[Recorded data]

..............................

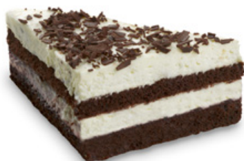
8247 | Schwarzwald řez | 90 g
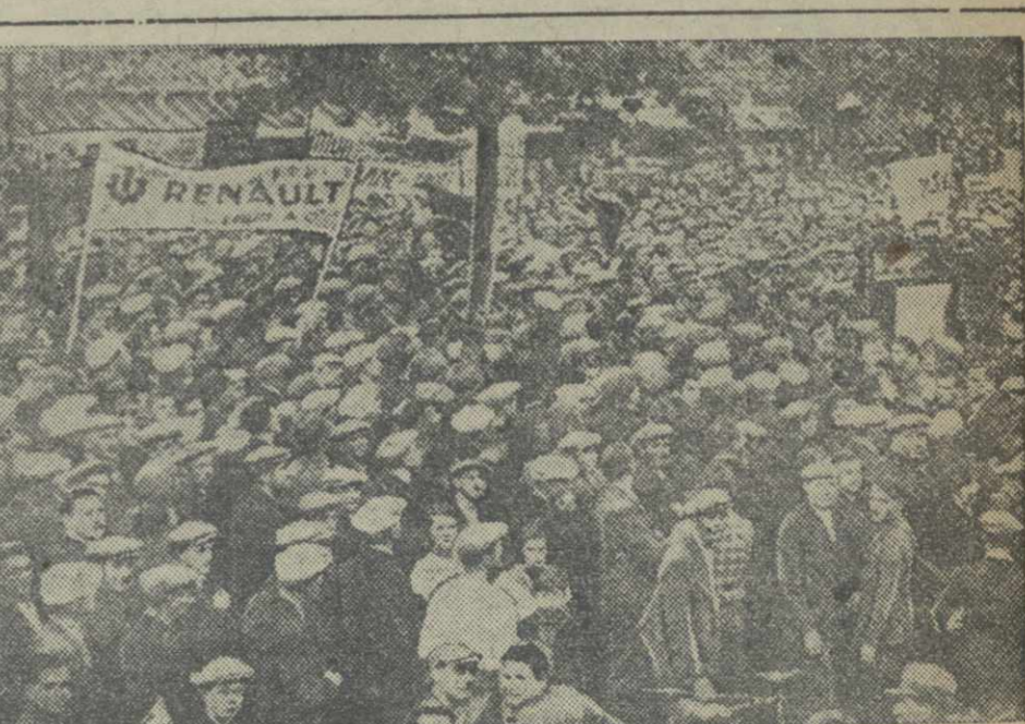
Митинг солидарности с чехословацким народом в Париже. (Союзфото).

МОСКВА, 17. (ТАСС). 15 октября в 5 часов вечера раскрылись двери библиотеки-музея В. В. Маяковского, находящейся в доме, где последние годы своей жизни провел поэт. Посетители с интересом рассматривают работы замечательного поэта-агитатора — острые, яркие отклики и зарисовки «Огонь Ростом».
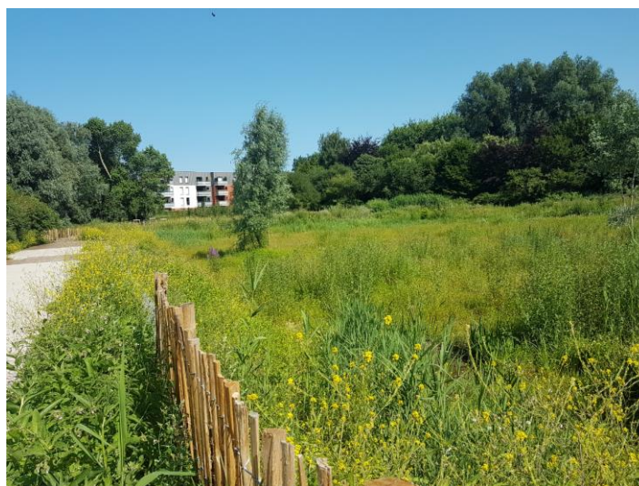
Accès et promontoire

Photos du haut Mai 2021 – Photo du bas juillet 2021
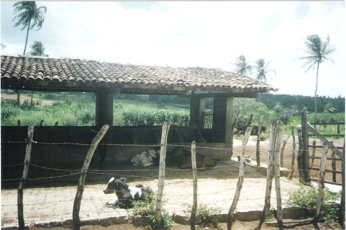
Figura 9 – Bovinos da Fazenda Jacoca. Foto: Bruno Montenegro, março de 2004.
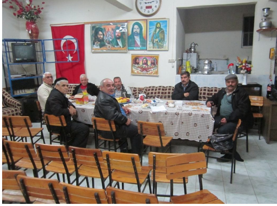
Serik Türkmenleri Derneği lokali ve Tahtacı vatandaşlarımız
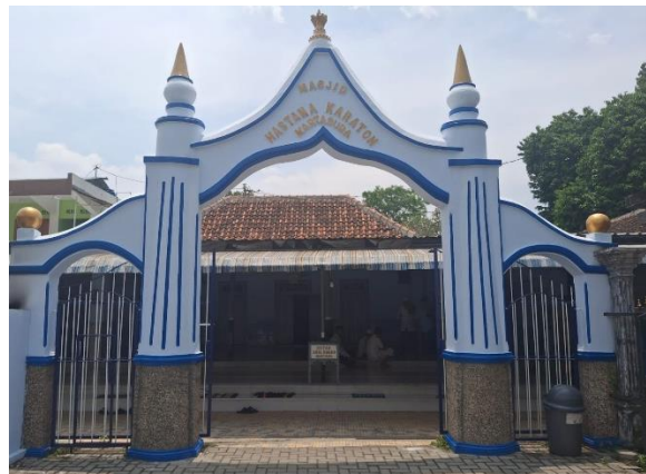
Gambar 8. Tampak depan gapura utama Masjid Hastana Kartasura.

Pada ruang mihrab kelihatan sebuah mimbar dari kayu, rekaannya tradisional dengan hujung melengkung di bahagian puncak. Tempat ini digunakan untuk menyampaikan khutbah oleh imam setiap Jumaat. Kayunya yang tidak dicat menyerlahkan warna semula jadi, begitu juga bentuknya yang ringkas menggambarkan sikap sederhana sesuai ajaran agama. Dari temubual bersama pentadbir masjid, diketahui struktur itu telah wujud sejak pertama kali bangunan ini didirikan. Keberadaannya turut menjadi tanda bahawa peranan utama masjid dalam penyebaran ilmu tetap diteruskan hingga hari ini.
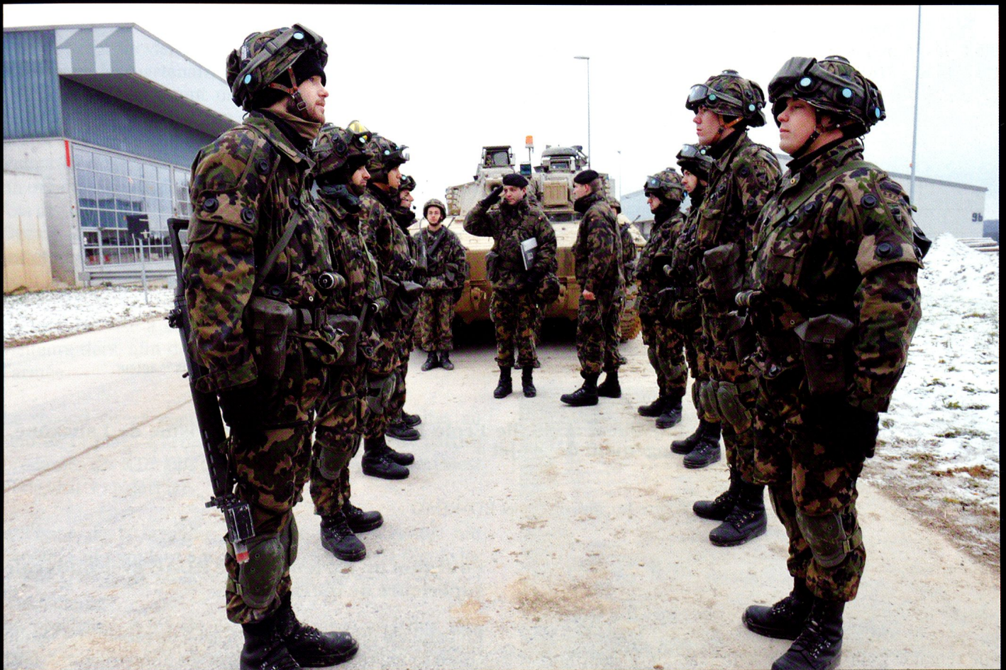
ZOUAVE : Annonce de la 17/4 au commandant de bataillon, avant le départ pour l'exercice.
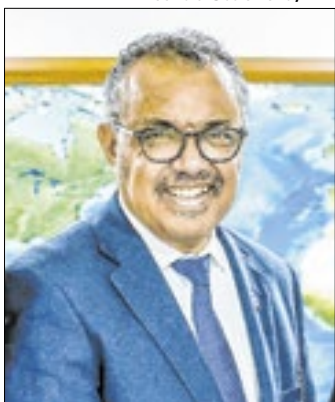
Tedros Adhanom denunciou o massacre
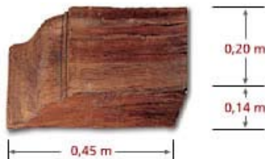
Wood Corbel CO C
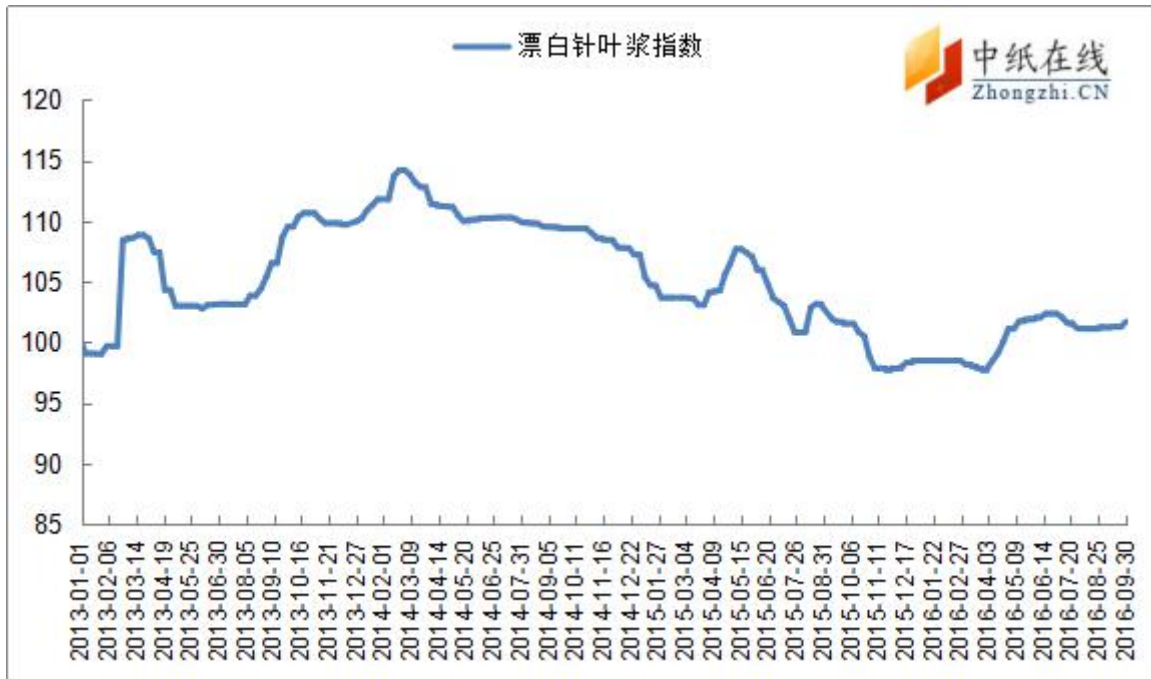
图 7：漂针浆中纸指数走势图
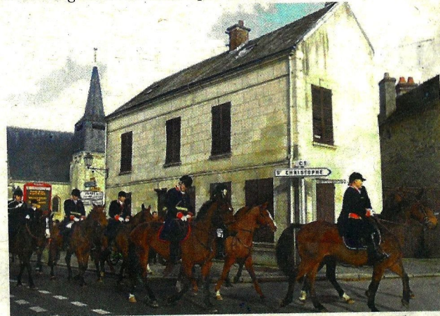
L'équipage prend la direction de la forêt pour une chasse qui durera jusqu'à la fin de l'après-midi.
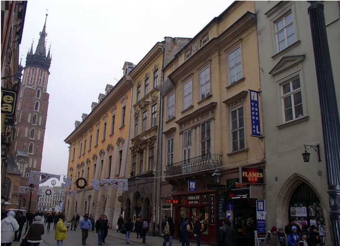
Fot. nr 43. Początkowy fragment zabudowy o numerach: 2-6. 04.12.09
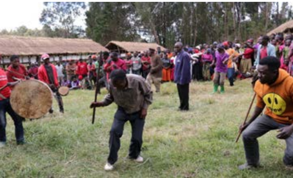
Burudani zikiendelea wakati wa uzinduzi wa Mradi wa ufugaji nyuki kijiji cha Kinyika

maji katika mto Ruaha na hatimaye kwenye Mradi wa ufuaji wa umeme wa Bwawa la Nyerere (Stigler`s Gorge), lakini pia utasaidia wananchi kutambua thamani halisi ya maliasili na hivyo kuzilinda, ikiwa ni pamoja na kuongeza juhudi katika kuzitunza,” anasema mwenyekiti huyo.
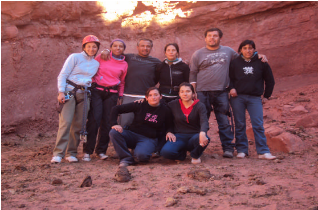
Grupo Huellas – Guandacol – Grupo Huellas y Runamayu
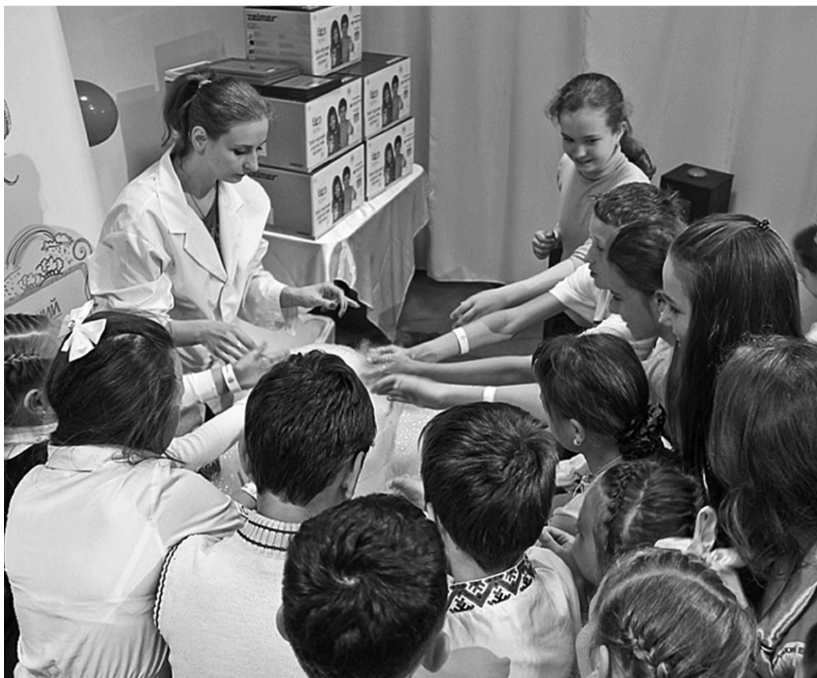
Шкільні команди з Києва та різних областей України захищали свої проекти, створені у рамках соціального проекту "ЕКОклас" та відстоювали їх у наукових дискусіях з членами журі

За словами організаторів, проект має на меті об'єднати спільні зусилля дітей, батьків і вчителів заради поліпшення екологічної ситуації своєї малої батьківщини. До проекту залучено експертів з Міністерства екології України та Міністерства освіти і науки України. Стейкхолдерами «ЕКОкласу» вже
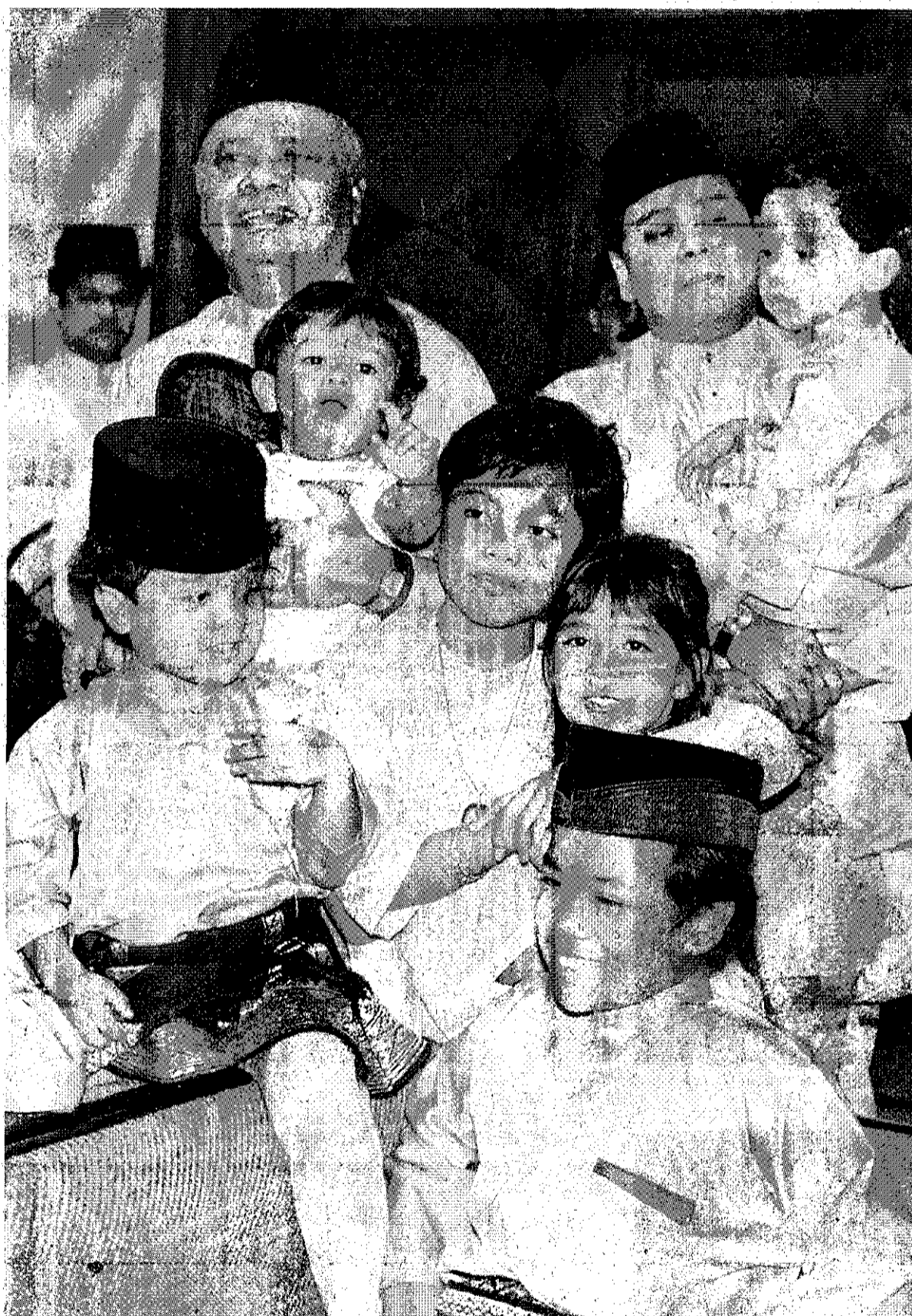
SENTIASA DI INGATAN: Tun Ghafar bergambar bersama cucunya ketika rumah terbuka Aidilfitri di Pusat Dagangan Dunia Putra (PWTC) pada 1987.

Pada 1969, beliau dilantik Menteri Pembangunan Luar Bandar sebelum bertukar ke Kementerian Pertanian dan Pembangunan Luar Ban-
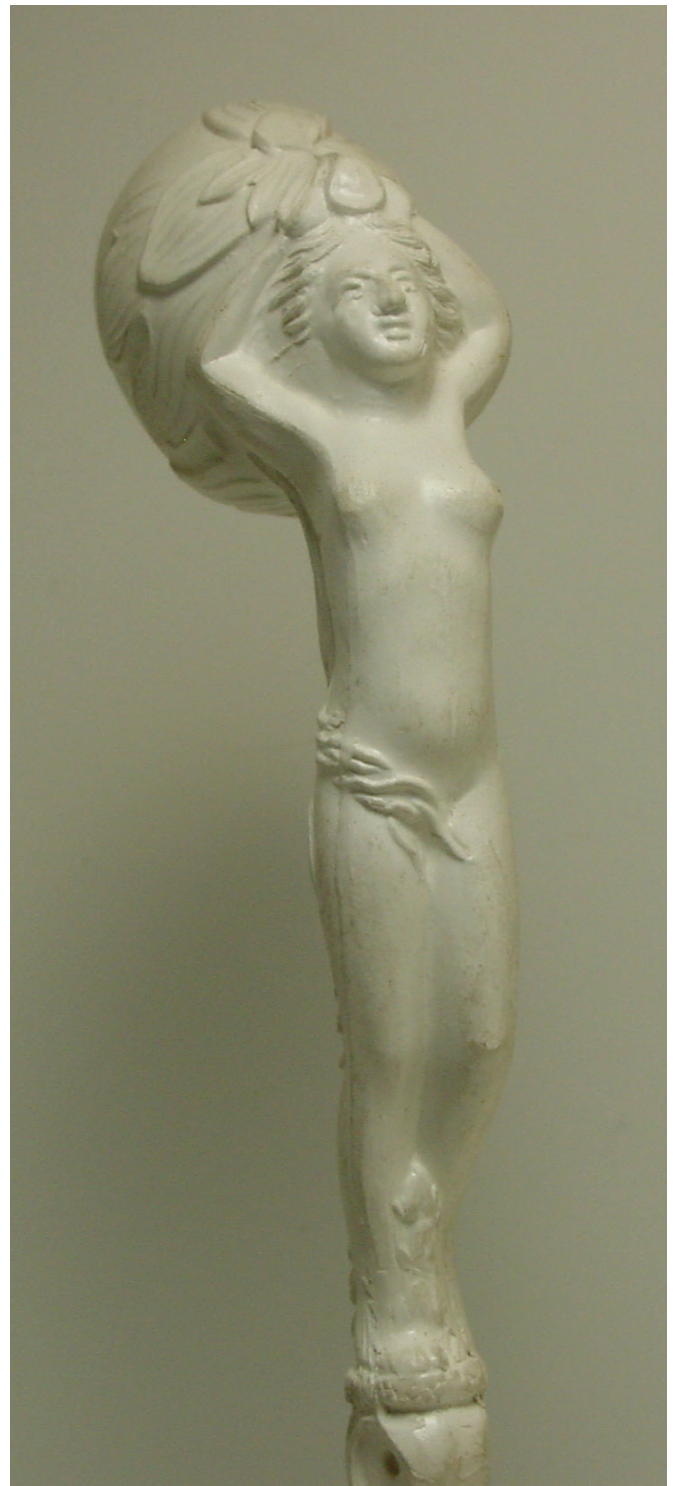
Afb. 5. Cariatide, nummer 1264. Gambier, Givet.

Van de in dit artikel omschreven modellen zijn de Cariatide en Flore de enige die lang in productie zijn gebleven. Dit in tegenstelling tot alle andere voorgaande modellen. Ze worden in vier Gambiercatalogi getoond,
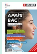
APRÈS-BAC, le guide des études supérieures

Retrouvez-nous sur le site internet de l'académie :
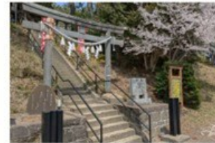
6 浮嶋神社 (4.7km)

新古今和歌集に収められ、山口女王が恋人である大伴家持へ贈ったとされる歌に詠まれた歌枕「浮嶋」が、いまの「浮嶋神社」だと言われています。
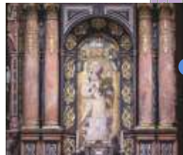
안티구아 성모 마리아 예배당 작가 미상 14세기
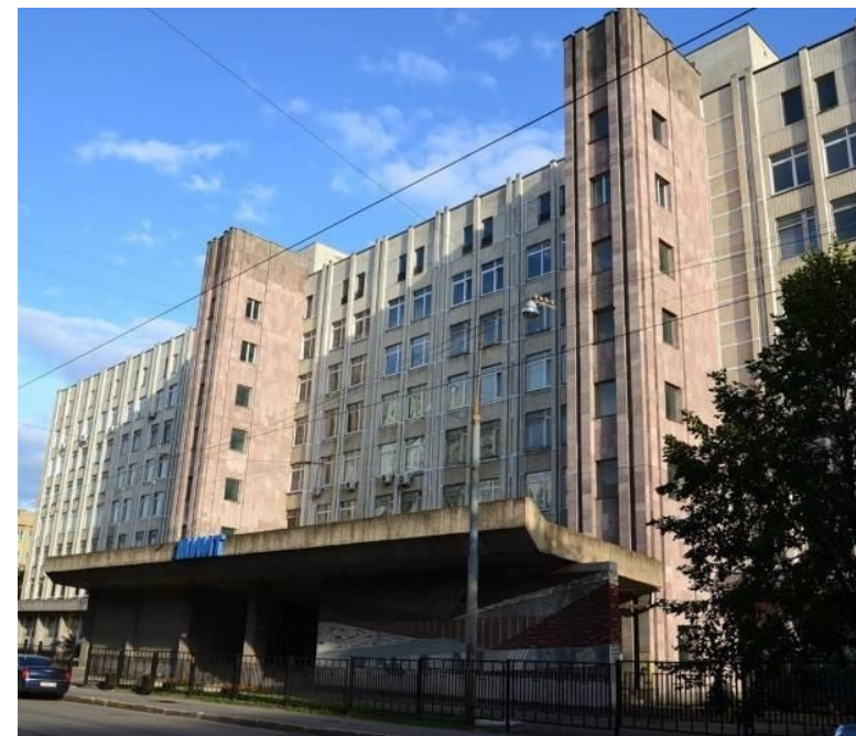
7 корпус (ИПСС)

..............................

The result should be an exact copy of only the lines above from the one that holds "Tedros Adhanom denunciou o massacre" through the one that holds "Шкільні команди з", both ends included, without pictures.

### Output for this exercise
Tedros Adhanom denunciou o massacre
Wood Corbel CO C
图 7：漂针浆中纸指数走势图
L'équipage prend la direction de la forêt pour une chasse qui durera jusqu'à la fin de l'après-midi.
Fot. nr 43. Początkowy fragment zabudowy o numerach: 2-6. 04.12.09
Burudani zikiendelea wakati wa uzinduzi wa Mradi wa ufugaji nyuki kijiji cha Kinyika

maji katika mto Ruaha na hatimaye kwenye Mradi wa ufuaji wa umeme wa Bwawa la Nyerere (Stigler`s Gorge), lakini pia utasaidia wananchi kutambua thamani halisi ya maliasili na hivyo kuzilinda, ikiwa ni pamoja na kuongeza juhudi katika kuzitunza,” anasema mwenyekiti huyo.
Grupo Huellas – Guandacol – Grupo Huellas y Runamayu
Шкільні команди з Києва та різних областей України захищали свої проекти, створені у рамках соціального проекту "ЕКОклас" та відстоювали їх у наукових дискусіях з членами журі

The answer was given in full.